The only headache on the list that is associated with a diagnosed infection is the sinus headache. When a patient’s sinuses become inflamed, it causes pain, pressure, and discomfort, most often near the bridge of the nose and the forehead area. This pain intensifies when a person leans over or bends down, sending a rush of blood and pressure to the head.
Another sign that your headache needs a prescription antibiotic is when it’s accompanied by a fever. This is another indication that your headache is related to an infection. It’s suggested you see a medical professional to receive proper antibiotics, but there are other things you can do for relief.
Using a humidifier or vaporizer that delivers moist air can help. Dry air can irritate your sinuses further. Saline nasal spray or a steroid spray will help moisten the nasal cavity. This can also be done by injecting a saltwater solution into your nose. Other medications include decongestants and pain medications.
During a sinus attack, avoid any type of outside irritants and strong odors. These can include but are not limited to cigarette smoke or perfume.
Perhaps the only type of headache on the list that has a clear cause is the rebound headache. Treating any of the above headaches with over the counter medications can offer temporary relief. But patients must be careful not to overmedicate. Overuse of these types of medications can actually cause a rebound headache!
The question remains: “How can a medication that is meant to treat headaches actually cause them?” People share different theories on this, but the two most common beliefs are that overuse of acetaminophen or aspirin can actually shift the brain from a state of relaxation to one of excitement or that rebound headaches are brought on by the body’s withdrawal from the constant dosage of chemicals.
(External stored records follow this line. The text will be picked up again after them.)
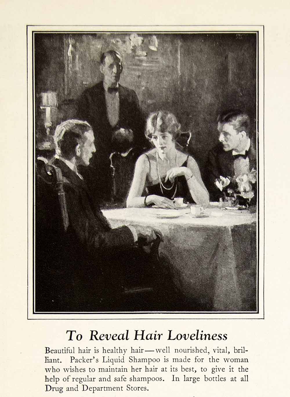 This is an original 1925 black and white print ad for Packer's Liquid Shampoo.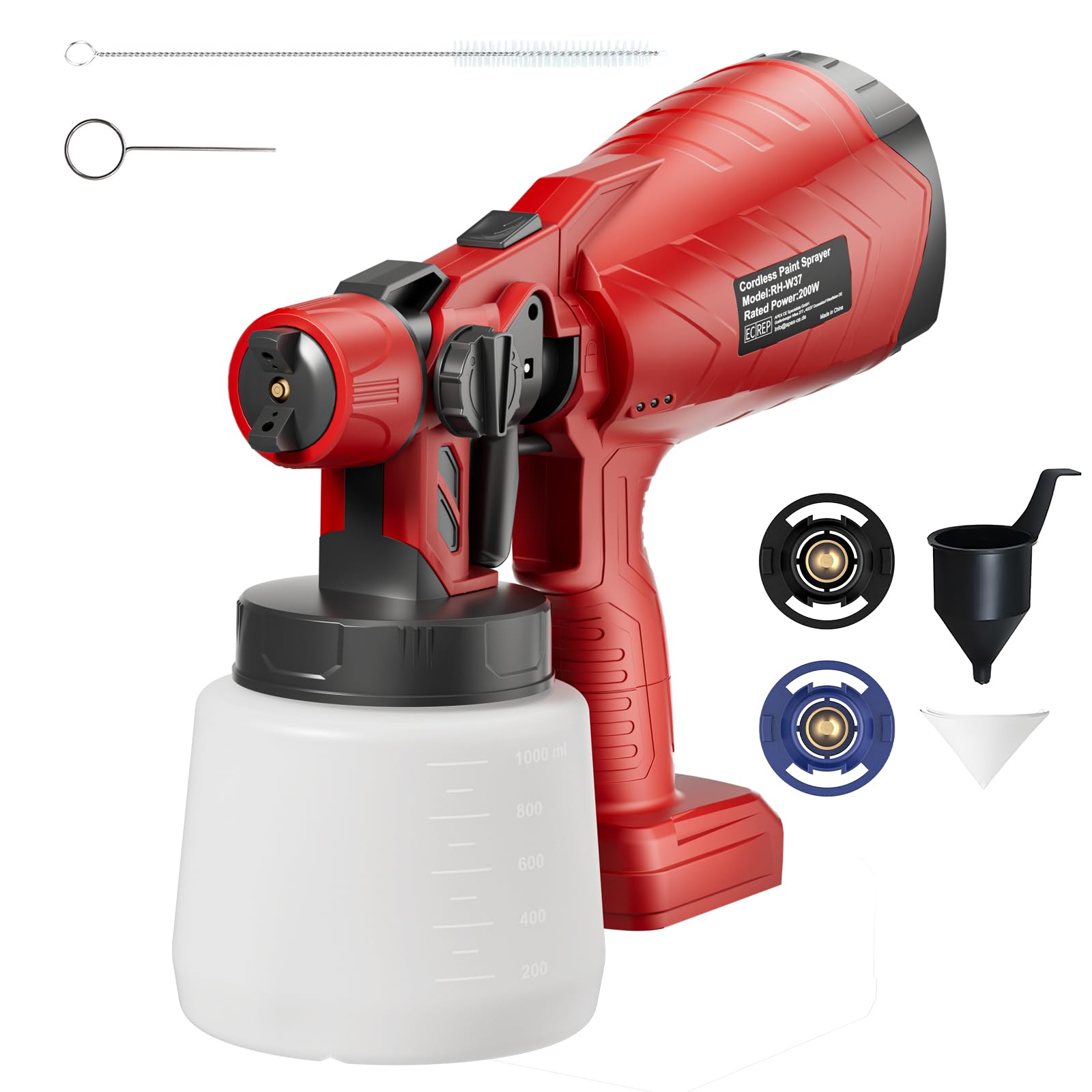 Pulverizador de pintura para batería Milwaukee de 18 V, pistola de pintura inalámbrica de 200 W con boquillas de cobre, rociadores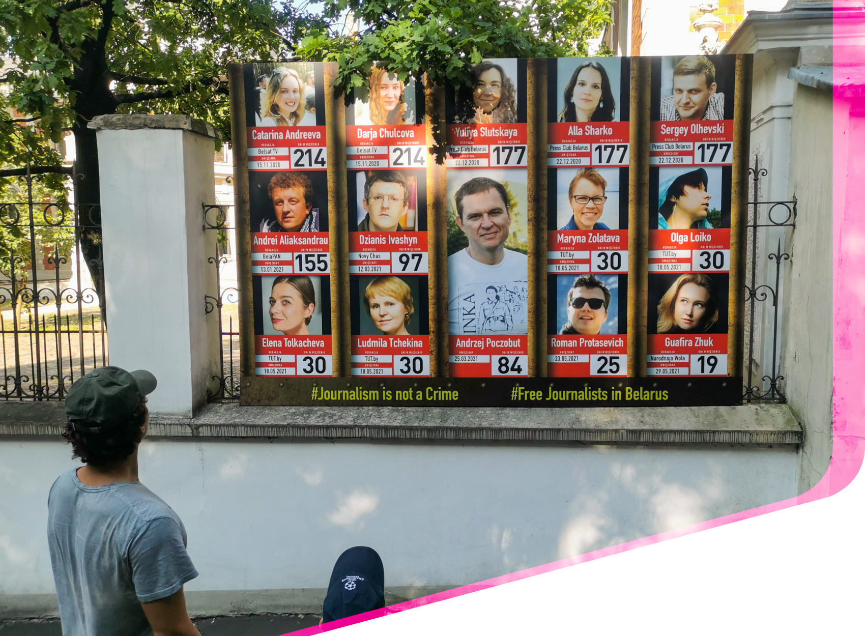 Seit 2020 hat Lukaschenkos Regime Journalisten und Journalistinnen wiederholt wegen ihrer Arbeit verfolgt. Dem belarusischen Journalistenverband BAJ zufolge nahmen Sicherheitskräfte zwischen 2020 und 2022 mehr als 600 Medienschaffende fest. Hunderte von ihnen wurden verhaftet und unter Bedingungen festgehalten, die man in keiner Weise als menschenwürdig bezeichnen kann. Derzeit befinden sich dreiunddreißig Medienschaffende in Gewahrsam.

To avoid rebound headaches be sure to follow the correct dosage and frequency of the medication bottle. If you find that you’re taking the medication for more than three days in a row, contact a medical professional. It’s also suggested you avoid medications containing opioids, as they can become addictive.
Correctly Identify and Treat a Headache
Now that you have a better understanding of the most common types of headaches, including symptoms, you can better diagnose your condition. If any headache persists for a long period of time and interferes with your daily activities, it’s suggested you contact a professional.
Headaches are difficult to avoid, especially against everyday stresses like work, finances, and other obligations. But a mild stress headache is different from those mentioned above. Try some of these at-home remedies but be realistic about their benefits and always take the necessary precautions when dealing with your health and medication intake.